Prior Distributions (Pytorch)
Wrapper module to import distributions from torch.distributions and make their configuration easier in the ltu-ili interface.
Specifically, if we’re using a vector of parameters, we want to be able to pass the vector to the log_prob method of the distribution and return a scalar. This is not the default behavior of several distributions in torch.distributions, so we wrap them here.
- class utils.distributions_pt.IndependentBeta(*args: Any, **kwargs: Any)
- class utils.distributions_pt.IndependentCauchy(*args: Any, **kwargs: Any)
- class utils.distributions_pt.IndependentChi2(*args: Any, **kwargs: Any)
- class utils.distributions_pt.IndependentExponential(*args: Any, **kwargs: Any)
- class utils.distributions_pt.IndependentFisherSnedecor(*args: Any, **kwargs: Any)
- class utils.distributions_pt.IndependentGamma(*args: Any, **kwargs: Any)
- class utils.distributions_pt.IndependentGumbel(*args: Any, **kwargs: Any)
- class utils.distributions_pt.IndependentHalfCauchy(*args: Any, **kwargs: Any)

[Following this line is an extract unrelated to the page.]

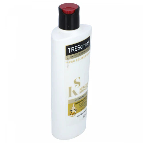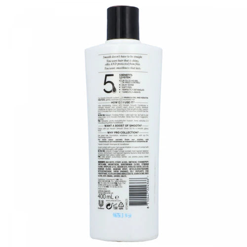 The TRESemmé Keratin Smooth Pro Collection Conditioner (400ml) is a salon-quality formula designed to deliver up to 72 hours of frizz control, leaving your hair silky, smooth, and full of natural movement. Infused with Keratin and Argan Oil, this conditioner nourishes each strand, helping to detangle knots, boost shine, add softness, and tame flyaways. It's suitable for all hair types and is especially beneficial for those with frizz-prone or dry hair.

- class utils.distributions_pt.IndependentHalfNormal(*args: Any, **kwargs: Any)
- class utils.distributions_pt.IndependentLaplace(*args: Any, **kwargs: Any)
- class utils.distributions_pt.IndependentLogNormal(*args: Any, **kwargs: Any)
- class utils.distributions_pt.IndependentNormal(*args: Any, **kwargs: Any)
- class utils.distributions_pt.IndependentPareto(*args: Any, **kwargs: Any)
- class utils.distributions_pt.IndependentStudentT(*args: Any, **kwargs: Any)
- class utils.distributions_pt.IndependentTruncatedNormal(*args: Any, **kwargs: Any)
- Distribution
alias of
_UnivariateTruncatedNormal
- class utils.distributions_pt.IndependentUniform(*args: Any, **kwargs: Any)
- class utils.distributions_pt.IndependentVonMises(*args: Any, **kwargs: Any)
- class utils.distributions_pt.IndependentWeibull(*args: Any, **kwargs: Any)
- utils.distributions_pt.Uniform
alias of
IndependentUniform
Prior Distributions (Tensorflow)
Wrapper module to import distributions from pydelfi.priors and make their configuration easier in the sbi interface.
- class utils.distributions_tf.IndependentTruncatedNormal(*args: Any, **kwargs: Any)[source]
Note the pdf and logpdf as implemented in pydelfi are not normalized.
Samplers
Custom samplers for sampling posteriors for Likelihood Estimation and Ratio Estimation models. Currently supports emcee samplers for both sbi and pydelfi backends, and pyro samplers only for the sbi backend.
- class utils.samplers.DirectSampler(posterior: sbi.inference.posteriors.base_posterior.NeuralPosterior)[source]
Sampler class for posteriors with a direct sampling method, i.e. amortized posterior inference models.
- Parameters:
posterior (Posterior) – posterior object to sample from, must have a .sample method allowing for direct sampling.
- sample(nsteps: int, x: Any, progress: bool = False) ndarray[source]
Sample nsteps samples from the posterior, evaluated at data x.
- Parameters:
nsteps (int) – number of samples to draw
x (np.ndarray) – data to evaluate the posterior at
progress (bool, optional) – whether to show progress bar. Defaults to False.
- class utils.samplers.EmceeSampler(posterior: sbi.inference.posteriors.base_posterior.NeuralPosterior, num_chains: int = -1, thin: int = 10, burn_in: int = 100)[source]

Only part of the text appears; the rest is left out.